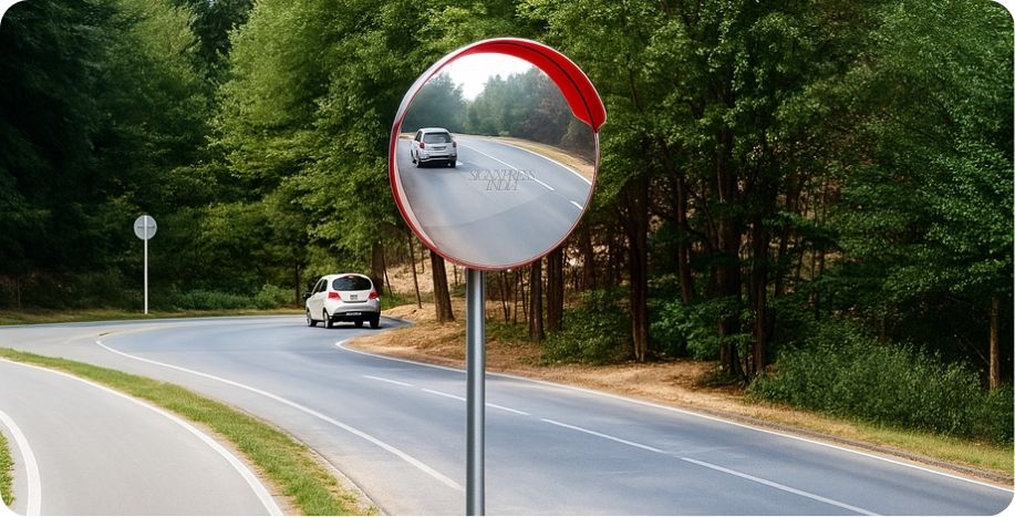 SignXpress India’s Convex Mirror is a premium safety device designed to eliminate blind spots and enhance visibility at intersections, driveways, parking lots, and industrial zones. Made from high-quality polycarbonate or acrylic, it offers a wide-angle view, impact resistance, and weather durability. Easy to install, it ensures better surveillance and accident prevention.
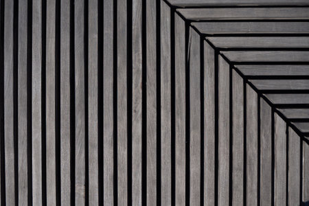 Architectural or facade design. Wooden plate background. Dark timber cladding in geometric composition. Shows contemporary wood surface detail. Copy space
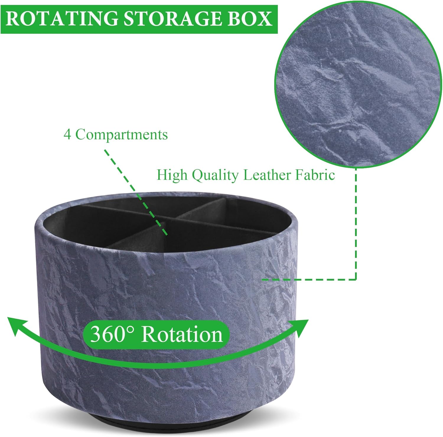 Hennaja Round Leather Art Supply Organizer,Remote Control Holder,360 Degree Spinning,Multi-Functional Pencil Holder,4 Compartments Desktop Stationary Organizer(1-Hill Blue)
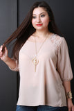 This lovely plus size blouse features a round neckline, floral lace trim at shoulder, three quarter sleeves, elasticized cuffs, and back keyhole cutout design with button closure. Blouse come with a long faux pearl pendant necklace with a curb chain tassel. Other accessories sold separately. Made in U.S.A. 100% Polyester. Contrast 92% Nylon, 8% Spandex.
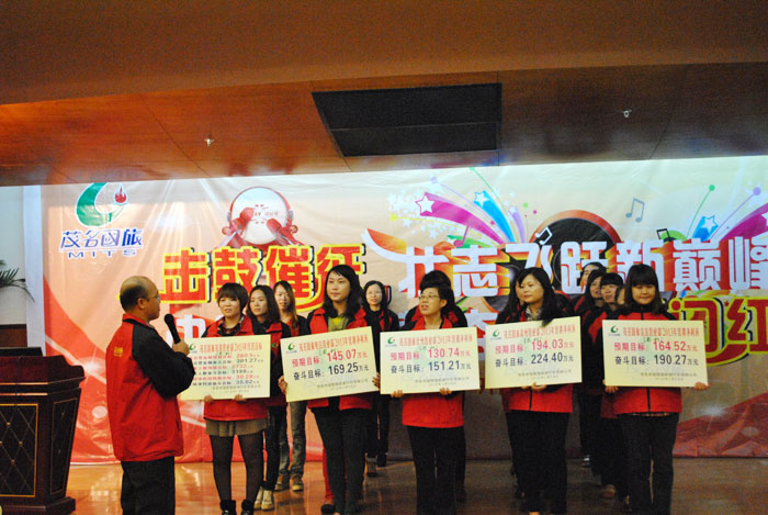 最后,各部門負(fù)責(zé)人逐一上臺(tái)領(lǐng)取了2013年目標(biāo)任務(wù)牌并誓師表決心。在全體員工的熱烈掌聲中,茂名國旅2013年開門紅誓師大會(huì)圓滿結(jié)束。
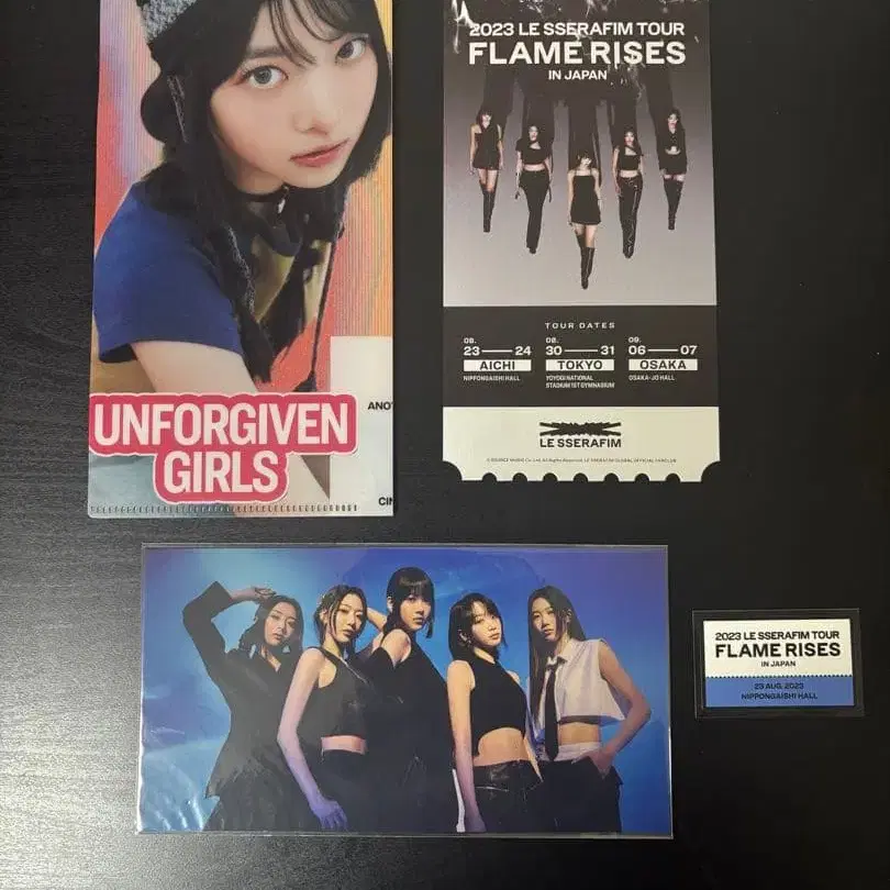 첫 번째 사진은 2023년 라이브 시 굿즈입니다. 두 번째 사진은 앨범 구매 시 부속되었던 혜택입니다. 세 번째 사진은 앨범 구매 혜택과 DAY OFF 책자입니다. 다른 르세라핌 굿즈도 판매 중이니, 묶음 구매 시 가격 인하해 드립니다.
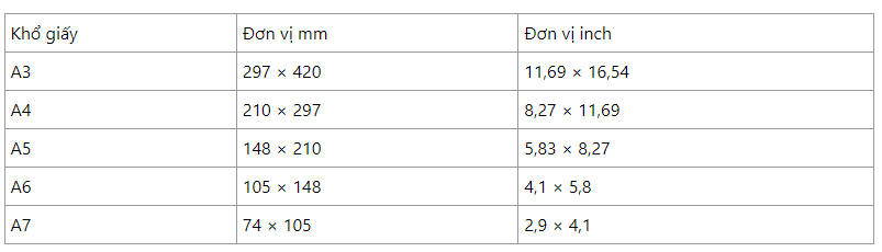 Kích thước phổ biến trong in giấy hướng dẫn sử dụng
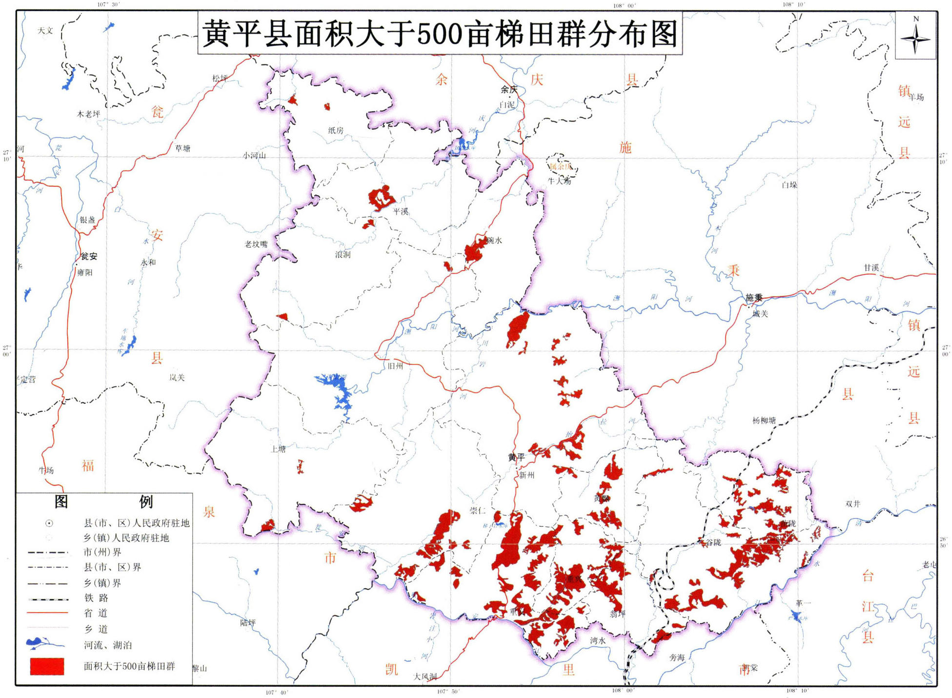 (注: 黄平县面积大于500亩的古梯田群分布图)

-*-*-

* How to complete this task
The copy should hold only the lines from the one with "This lovely plus" through the one with "最后,各部門負(fù)責(z", exactly as they stand above. Leave out the pictures.

* Solved exercise
 This lovely plus size blouse features a round neckline, floral lace trim at shoulder, three quarter sleeves, elasticized cuffs, and back keyhole cutout design with button closure. Blouse come with a long faux pearl pendant necklace with a curb chain tassel. Other accessories sold separately. Made in U.S.A. 100% Polyester. Contrast 92% Nylon, 8% Spandex.
 最后,各部門負(fù)責(zé)人逐一上臺(tái)領(lǐng)取了2013年目標(biāo)任務(wù)牌并誓師表決心。在全體員工的熱烈掌聲中,茂名國旅2013年開門紅誓師大會(huì)圓滿結(jié)束。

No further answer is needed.